The first thing you see when you come to the React site is the statement “Lots of people use React as the V in MVC.” Oh, so my initial thought was, “it’s a template library like handlebars.js (and its new variant htmlbars), mustache.js, dust.js, and the now deprecated jquery templates. I get it.” If you read on it says “Since React makes no assumptions about the rest of your technology stack, it’s easy to try it out on a small feature in an existing project.” My interpretation of this is they want you as a developer to try it out and don’t want to make it seem hard to get started. The phrase “lots of people” is important, because it hints that other people use it for more than the V in MVC. But is React a Template Library? No. In this Quora answer Pete Hunt, the public face and a contributor to React, clarified:
Is React Similar to Web Components?
Is React simply an implementation of Web Components, the upcoming standard for custom HTML5 user interface elements? As mentioned before, Pete Hunt said React components should be compared to AngularJS directives. The Angular team has always clearly stated a goal of directives informing and eventually being compatible with HTML5 Web Components. So saying React is an implementation of Web Components is logical and correct, but doesn’t tell the whole story. Comparing React to Web Components is the same as comparing AngularJS Directives and Ember Components to Web Components. They are similar but not the same thing. React Components are not Web Components because React is abstracted away from browser while Web Components will be a native browser feature.
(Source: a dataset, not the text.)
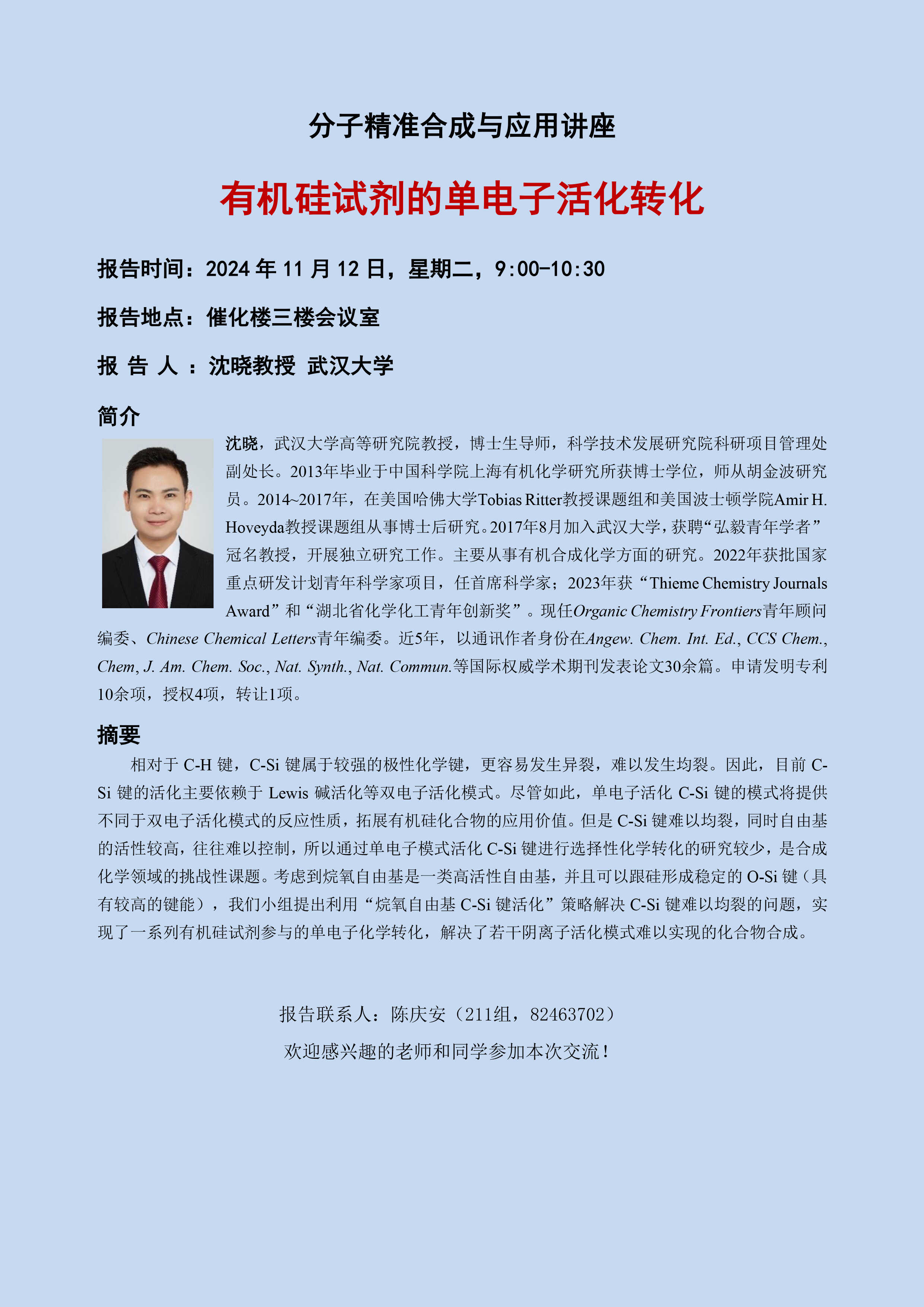 關(guān)于舉行“有機硅試劑的單電子活化轉(zhuǎn)化”學(xué)術(shù)報告會的通知

Are the Virtual DOM and Shadow DOM the Same?
Another thing I was embarrassingly confused about was the question in my head about whether the shadow DOM feature of Web Components and the virtual DOM used by React are the same thing? The Shadow DOM feature of Web Components is not at all related to the the virtual DOM used by React.
The virtual DOM used by React is simply an internal implementation detail of the framework which powers its amazing rendering performance.
Virtual DOM
React keeps two copies of a virtual DOM (the original and updated versions). These two virtual DOM trees are passed into a React function that diffs them and a stream of DOM operations are returned (generally these operations involve setting a property on an element).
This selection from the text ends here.